I was thinking of trying to solve for the solution of Bessel's differential equation from series solution using direct method (i.e. changing all the summation indices to one) but I couldn't solve it. So I found a new method for solving this using frobenius method which I am unfamiliar with. But still I was watching the proof in the youtube where I got confused in a part. According to the video, $\sum_{n=0}^\infty (n+r)(n+r+1)a_{n}x^{n+r+1} + \frac{1}{x} \sum_{n=0}^\infty (n+r)a_{n}x^{n+r-1}+\sum_{n=0}^\infty a_{n}x^{n+r}-p^2\sum_{n=0}^\infty a_{n}x^{n+r-2}=0$
where for third part of summation, it is supposed that n=m-2 and solved while again the indices is changed back to n for simplicity which makes the third part
$\sum_{n=2}^\infty a_{n-2}x^{n+r-2}$
but what i am confused about it if we were solving it by direct method then changing the index for n=0 to n=2 would make
$\sum_{n=2}^\infty a_{n+2}x^{n+r+2}$,isn't it?

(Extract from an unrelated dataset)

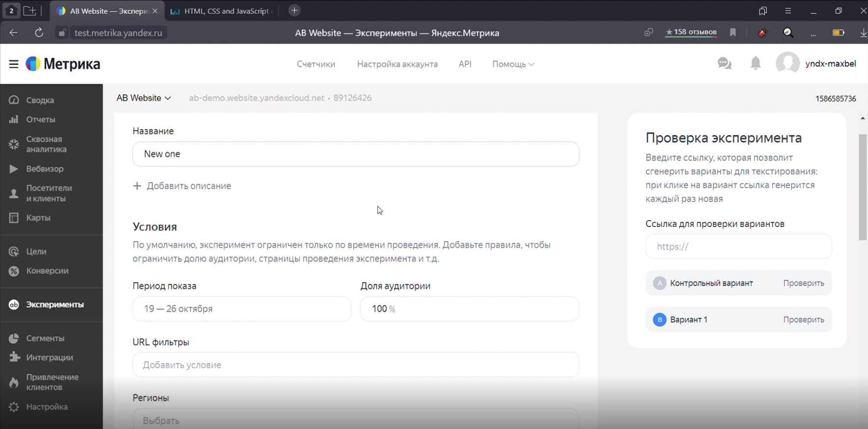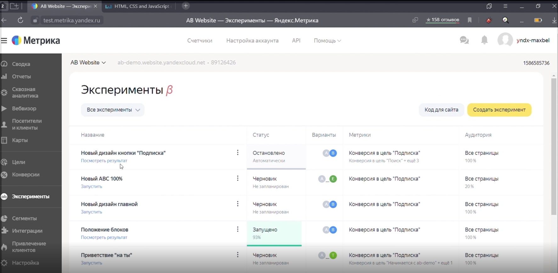 На время действия эксперимента пользователям демонстрируются обе версии сайта. Каждому сайту Вариокуб присваивает уникальный идентификатор, по которому система определяет, какой сайт видит пользователь. Все действия регистрируются через счетчик Метрики. По завершению эксперимента все данные можно увидеть в специальном разделе Яндекс.Метрики.

So is it wrong about the direct method procedure?
How do we know if we have to solve it through Frobenius method? How do we check for the regular singular point ?? I understood it by the frobenius method too but what I am confused about is that it has different value than what we'd have got from direct method. Am i wrong to think about it this way?